- [Task instructions] In the records below, find the line containing "FLAUTA HOHNER 9508" and the line containing "Tu perro entra". Give again exactly those lines and every line between them, omitting the pictures.

- [Data for review]
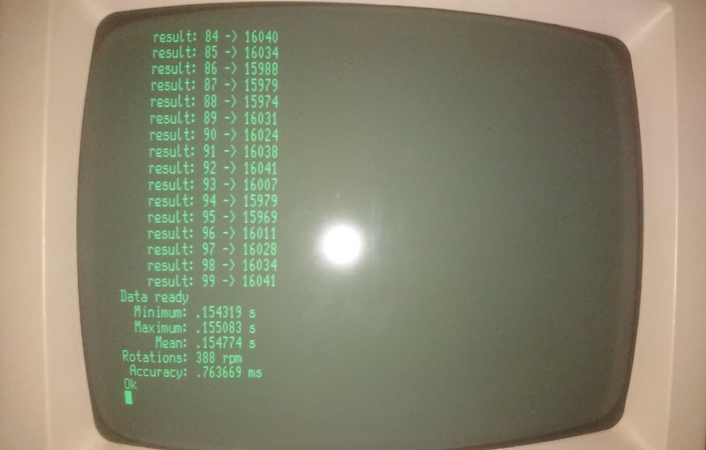 That should give us the counter of exactly one disk rotation - that is LOOP2. We need 5 (INX) + 10 (IN) + 4 (ANA) + 10 (JZ) = 29 CPU cycles. We have a 16 bit counter in register D. Will it overflow? Let’s assume the rotation speed is at the standard 300 rpm, that means one rotation takes 0.2 seconds. At 3 MHz, these are 600,000 CPU cycles. Divided by 29 we get 20,690 which is smaller than 64k - good. No problem here.
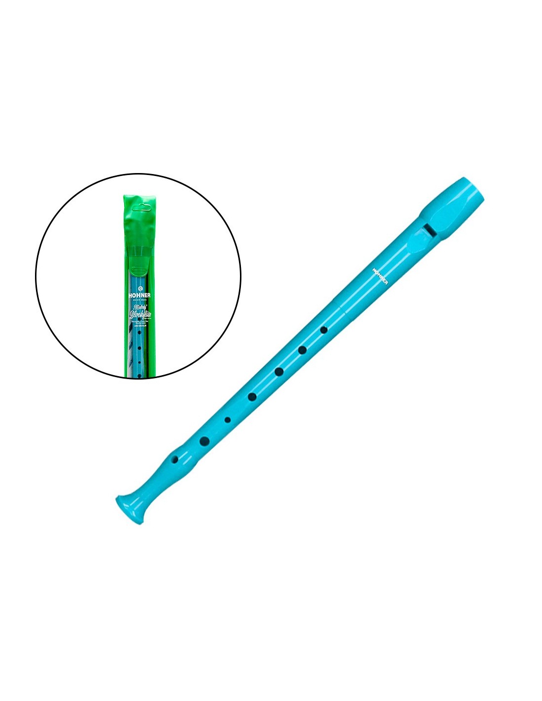 FLAUTA HOHNER 9508 COLOR CELESTE FUNDA VERDE Y TRANSPARENTE
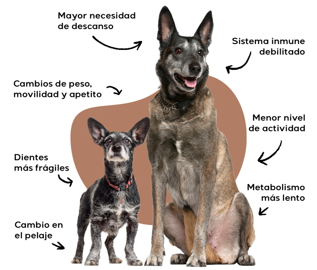 Tu perro entra en su etapa senior después de los 7 años de edad, en la que su metabolismo se desacelera y con ello empiezan a manifestarse algunos signos de envejecimiento.
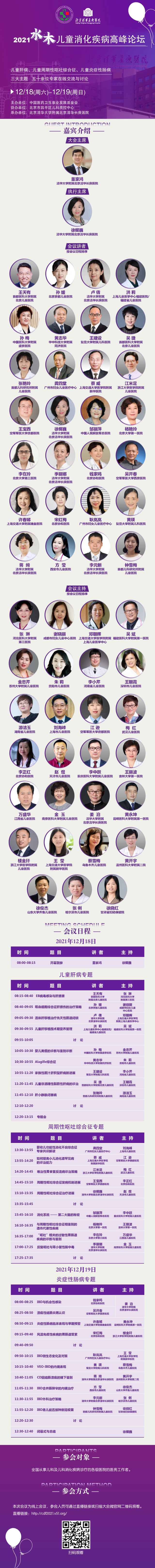 为进一步加强全国儿童消化系统疾病学术交流、推动儿童消化学科发展,由中国医药卫生事业发展基金会主办、北京市昌平区儿科质控中心协办、北京清华长庚医院承办的“2021水木儿童消化疾病高峰论坛”拟于2021年12月18-19日在线上召开。本次论坛邀请了五十余位国内成人及儿童消化领域的权威和知名专家围绕“儿童肝病”、“儿童周期性呕吐综合征”、“儿童炎症性肠病”三大主题进行学术讲座,并将就相关热点话题展开深入的基础和临床研究交流与讨论。
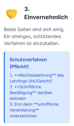 Dieser Schritt ist keine reine Bürokratie, sondern ein vom Gesetzgeber bewusst geschaffener Schutzmechanismus. Er trägt dem Machtungleichgewicht zwischen Betrieb und Lehrling Rechnung. Ein Lehrling könnte unter Druck gesetzt werden, einer Auflösung zuzustimmen, obwohl er vielleicht Anspruch auf Schadenersatz bei einem gerechtfertigten Austritt hätte. Die Belehrung durch die AK oder das Gericht stellt sicher, dass die Zustimmung des Lehrlings auf einer informierten Entscheidung beruht. Die Beweislast, dass dieser Schritt korrekt und vor der Unterzeichnung erfolgt ist, liegt bei dir.
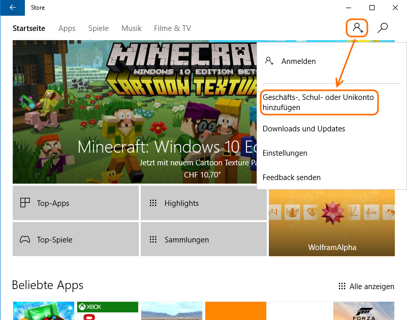 Nachdem die Vorarbeiten oben gemacht sind, muss die App noch installiert werden. Dazu meldet man sich am Gerät an und öffnet den Store. Hier wählt man rechts oben das Symbol für Benutzer hinzufügen und dann “Geschäfts-, Schul- oder Unikonto hinzufügen”.
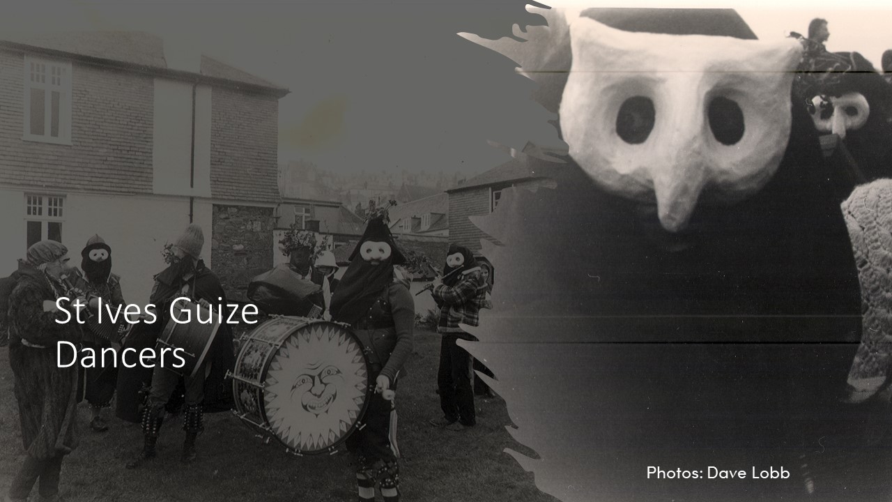 [13] Dave Lobb, a Cornish exile living in London whose father had been a Guize dancer, lead a revival of the St Ives Guize Dance between 1978 and 1993 was creative with disguising and costume.

- [Answer area]
 FLAUTA HOHNER 9508 COLOR CELESTE FUNDA VERDE Y TRANSPARENTE
 Tu perro entra en su etapa senior después de los 7 años de edad, en la que su metabolismo se desacelera y con ello empiezan a manifestarse algunos signos de envejecimiento.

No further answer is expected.